▶ Work request: Leave every image out, and return the rest of the data word for word.

▶ Records supplied:
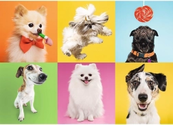 Objavte šesť rôznych psov s rôznymi výrazmi a pózami, ktoré sú rozložené do samostatných segmentov a vytvárajú dohromady úžasný vizuálny celok.
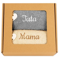 Szukasz eleganckiego, a zarazem praktycznego prezentu z okazji Dnia Mamy i Taty? Ten zestaw z pewnością zachwyci Twoich rodziców! Zawiera dwa wyjątkowe ręczniki z subtelnym haftem "Mama" i "Tata" – to piękny sposób, by wyrazić wdzięczność i uczcić ich miłość oraz codzienny trud.
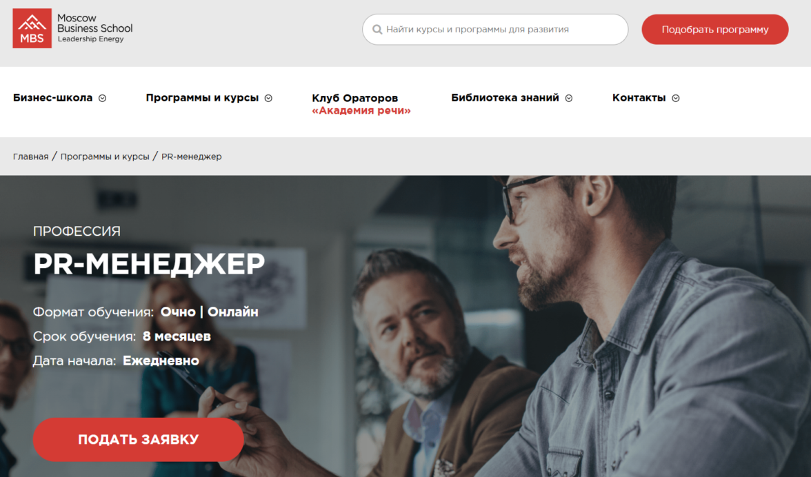 PR-менеджер от MBS: Moscow Business School — большое количество бизнес-кейсов из сферы маркетинга, менеджмента и связей с общественностью.
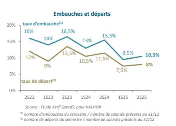 Signe encourageant, la part des entreprises déclarant avoir rencontré des difficultés de recrutement recule nettement, passant à 27 % au second semestre 2025. Pour autant, les intentions d’embauche pour les six prochains mois diminuent : 46 % des entreprises prévoient de recruter, contre 63 % au semestre précédent, traduisant une plus grande prudence face aux incertitudes économiques.
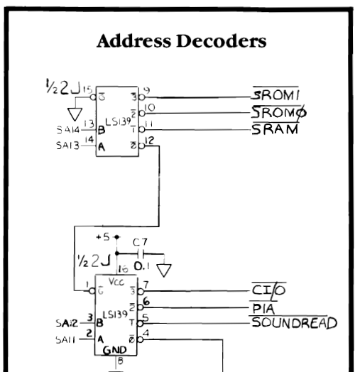 This made me do board maintenance, cleaning chip legs, Deoxit, etc.. Once done – I narrowed the cause the the 68B09 CPU which was corrupting SA3 (sound address bus bit3) until it warmed up. Took a while to find because it self cleared and I had to power down, wait for the chip to cool, then retest to verify that the CPU was the cause.
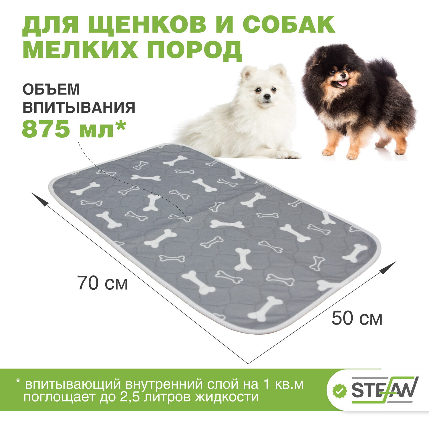 Купить Пелёнка-туалет STEFAN(Штефан), премиум, впитывающая многоразовая для животных, серый, 50х70см, PT50701
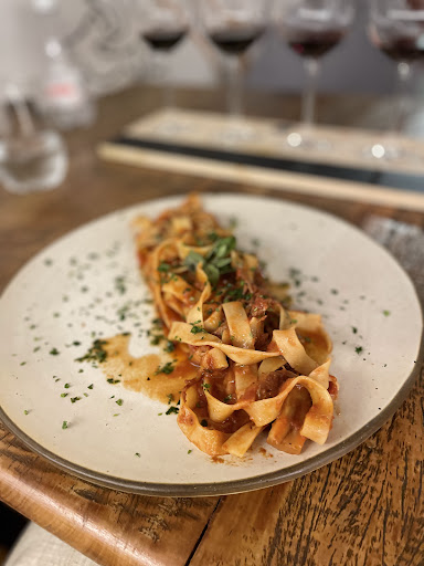 Escolhi o Wine Flight “Viagem ao velho mundo” composto por 4 rótulos tintos, sendo um da região de Dão, um Barollo, um espanhol da região de Castilla y León, e um francês de Bordeaux em que as taças são servidas com exatos 50 ml de vinho. Uma seleção bastante interessante de vinhos encorpados e de alta qualidade, no entanto ainda não consegui formular minha opinião sobre o Coravin, tenho a impressão de que não consegui identificar os aromas como faria com a abertura recente da garrafa. Para acompanhar escolhi o Fettuccine com Ragu de Costela, que foi um pouco decepcionante, visto que estava na expectativa de experimentar algo muito bom no acompanhamento de vinhos de prestígio. Tanto o molho de tomate, usado no ragu, quanto a massa, me pareceram produtos prontos de mercado. O molho do ragu estava com acidez elevada do tomate e salgado demais, no entanto a massa e a costela estavam no ponto correto. Um prato mediano em questão de sabor mas com uma boa apresentação. A porção é servida em quantidade mais que suficiente. O vinho que mais gostei e que achei que harmonizou melhor com o prato foi o exemplar Barolo.
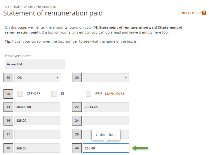 - When you arrive at the page for your T4, enter the amount reported in box 44 of your paper T4 slip into the designated field of H&R Block’s tax software:
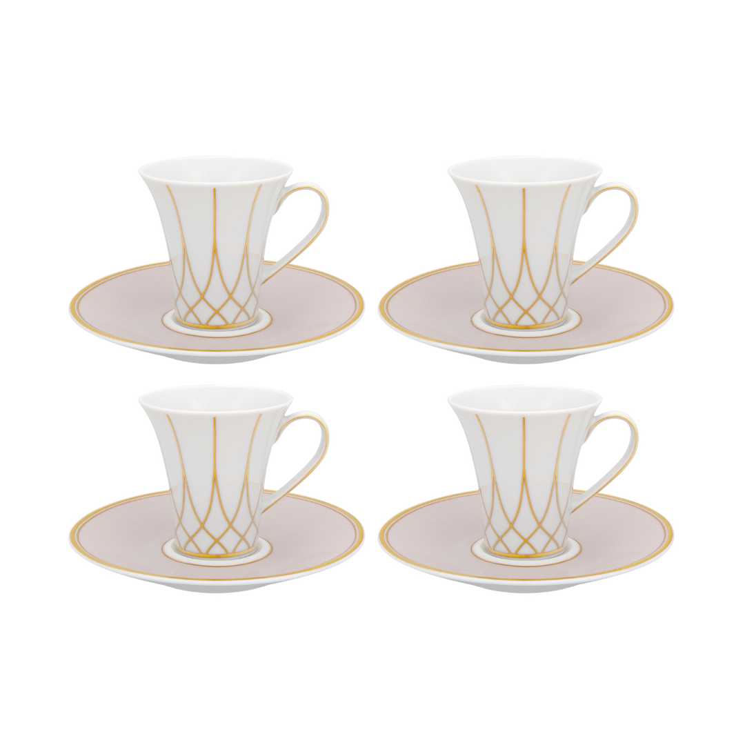 Coffee Cup 9cl & Saucer. Richly decorated in gold, with hand-painted details. New elegant and distinct decoration. This new dinner set with a style that refers back to the Gothic art of the Renaissance era, results in a classic decoration with contemporary and timeless elements.

▶ The answer:
 Objavte šesť rôznych psov s rôznymi výrazmi a pózami, ktoré sú rozložené do samostatných segmentov a vytvárajú dohromady úžasný vizuálny celok.
 Szukasz eleganckiego, a zarazem praktycznego prezentu z okazji Dnia Mamy i Taty? Ten zestaw z pewnością zachwyci Twoich rodziców! Zawiera dwa wyjątkowe ręczniki z subtelnym haftem "Mama" i "Tata" – to piękny sposób, by wyrazić wdzięczność i uczcić ich miłość oraz codzienny trud.
 PR-менеджер от MBS: Moscow Business School — большое количество бизнес-кейсов из сферы маркетинга, менеджмента и связей с общественностью.
 Signe encourageant, la part des entreprises déclarant avoir rencontré des difficultés de recrutement recule nettement, passant à 27 % au second semestre 2025. Pour autant, les intentions d’embauche pour les six prochains mois diminuent : 46 % des entreprises prévoient de recruter, contre 63 % au semestre précédent, traduisant une plus grande prudence face aux incertitudes économiques.
 This made me do board maintenance, cleaning chip legs, Deoxit, etc.. Once done – I narrowed the cause the the 68B09 CPU which was corrupting SA3 (sound address bus bit3) until it warmed up. Took a while to find because it self cleared and I had to power down, wait for the chip to cool, then retest to verify that the CPU was the cause.
 Купить Пелёнка-туалет STEFAN(Штефан), премиум, впитывающая многоразовая для животных, серый, 50х70см, PT50701
 Escolhi o Wine Flight “Viagem ao velho mundo” composto por 4 rótulos tintos, sendo um da região de Dão, um Barollo, um espanhol da região de Castilla y León, e um francês de Bordeaux em que as taças são servidas com exatos 50 ml de vinho. Uma seleção bastante interessante de vinhos encorpados e de alta qualidade, no entanto ainda não consegui formular minha opinião sobre o Coravin, tenho a impressão de que não consegui identificar os aromas como faria com a abertura recente da garrafa. Para acompanhar escolhi o Fettuccine com Ragu de Costela, que foi um pouco decepcionante, visto que estava na expectativa de experimentar algo muito bom no acompanhamento de vinhos de prestígio. Tanto o molho de tomate, usado no ragu, quanto a massa, me pareceram produtos prontos de mercado. O molho do ragu estava com acidez elevada do tomate e salgado demais, no entanto a massa e a costela estavam no ponto correto. Um prato mediano em questão de sabor mas com uma boa apresentação. A porção é servida em quantidade mais que suficiente. O vinho que mais gostei e que achei que harmonizou melhor com o prato foi o exemplar Barolo.
 - When you arrive at the page for your T4, enter the amount reported in box 44 of your paper T4 slip into the designated field of H&R Block’s tax software:
 Coffee Cup 9cl & Saucer. Richly decorated in gold, with hand-painted details. New elegant and distinct decoration. This new dinner set with a style that refers back to the Gothic art of the Renaissance era, results in a classic decoration with contemporary and timeless elements.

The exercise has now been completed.